= Beginning of Section =

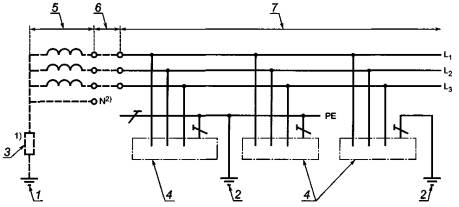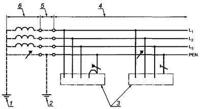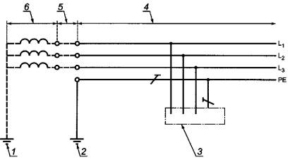 1 - заземляющее устройство источника питания; 2 - заземляющее
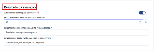 Mensagem de Reprovação: Instrução ou feedback exibido ao não atingir a nota (até 70 caracteres).
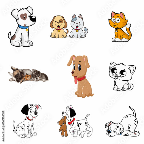 Fototapeta premium Vector art of adorable puppies and kittens, playfully interacting, isolated...
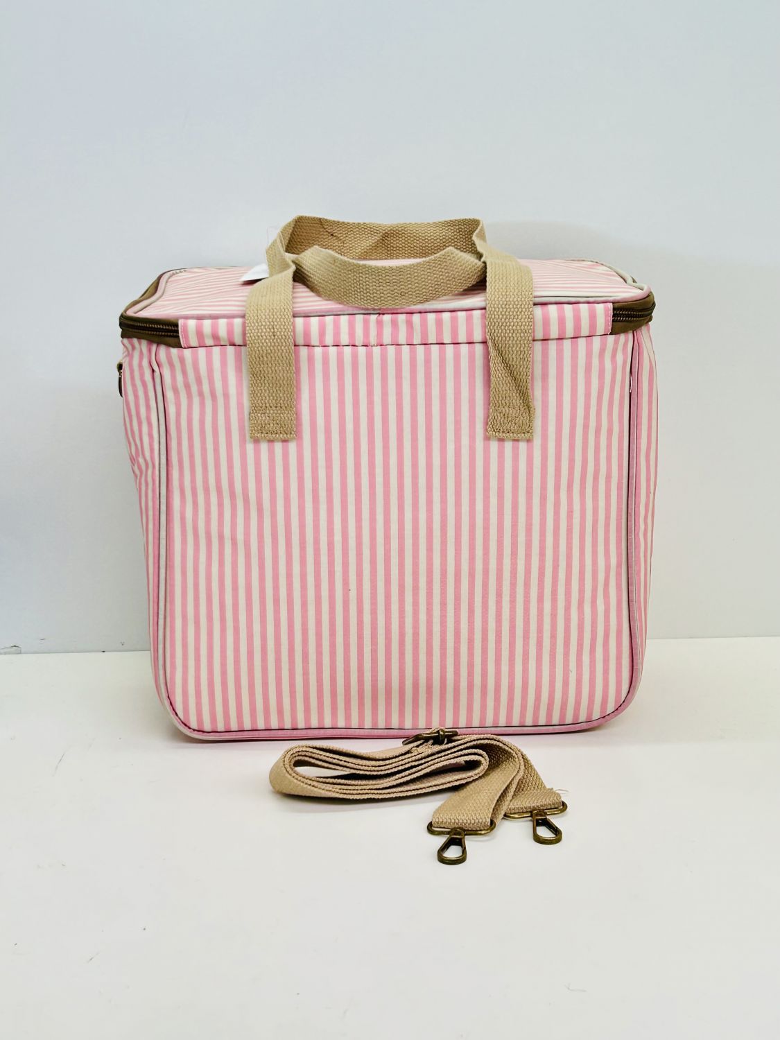 Nevera / Bolsa Térmica Sweet&Candy grande, estampado rayas (color blanco y rosa)
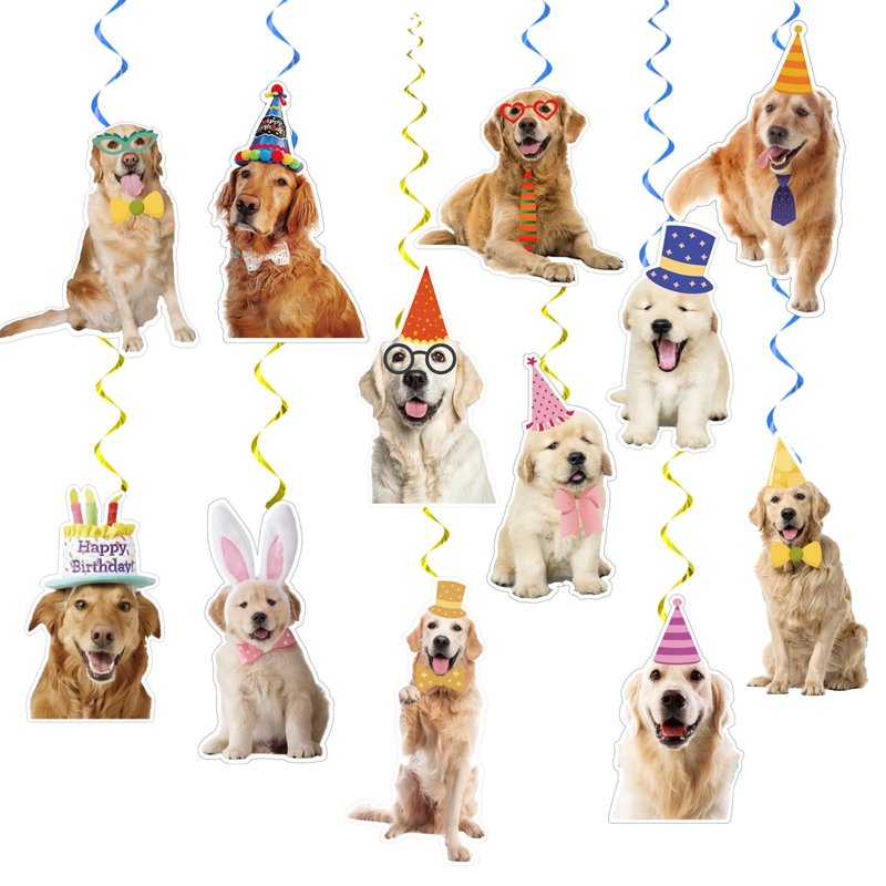 - Golden Retriever Hanging Decorations: You will get total 24 pcs hanging swirls, 12 different designs, each design 2 pcs. Sufficient quantity to meet your golden retriever party decoration needs.
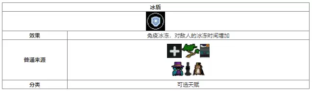 使玩家受到的 冰元素伤害降低1到2点,例如: 雪人王、 雪猿投手的小型雪球、雪人王和 雪山大猿王的冰刺。
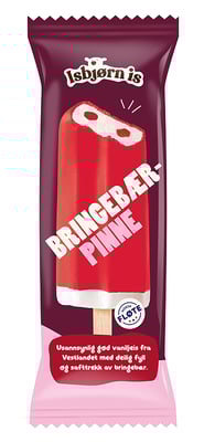 bringebær saftis (53,8 %) (vann, sukker, bringebær (2,8 %), glukosesirup, svart gulrotjuice konsentrat, surhetsregulerende middel (sitronsyre), aroma, bringebærkonsentrat, stabilisator (guarkjernemel, natriumalginat, karragenan, pektiner), konserveringsmiddel (kaliumsorbat), fargestoff (antocyaner)), fløteis (37,7 %) (vann, kremfløte (28,8 %), sukker, skummetmelkpulver, mysepulver, glukosesirup, emulgator (mono- og diglyserider av fettsyrer), stabilisator (johannesbrødkjernemel, guarkjernemel, karragenan), aroma (vanillin), fargestoff (annattoekstrakter)), bringebærsyltetøy (8,5 %) (bringebær, sukker, stabilisator (pektiner), vann, konserveringsmiddel (sitronsyre, kaliumsorbat)).
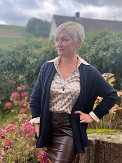 The name Versa comes from the word “versatile”, conveying the idea that this cardigan can be worn in many different ways, length, and with or without the tie belt.

= End of Section =

# Exercise requirements:
Exactly as written, repeat the lines from the beginning of the entries up to and including the line with "使玩家受到的 冰元素伤害降低1到2点,例如: 雪人王、", but not the pictures.

# Exercise result:
 1 - заземляющее устройство источника питания; 2 - заземляющее
 Mensagem de Reprovação: Instrução ou feedback exibido ao não atingir a nota (até 70 caracteres).
 Fototapeta premium Vector art of adorable puppies and kittens, playfully interacting, isolated...
 Nevera / Bolsa Térmica Sweet&Candy grande, estampado rayas (color blanco y rosa)
 - Golden Retriever Hanging Decorations: You will get total 24 pcs hanging swirls, 12 different designs, each design 2 pcs. Sufficient quantity to meet your golden retriever party decoration needs.
 使玩家受到的 冰元素伤害降低1到2点,例如: 雪人王、 雪猿投手的小型雪球、雪人王和 雪山大猿王的冰刺。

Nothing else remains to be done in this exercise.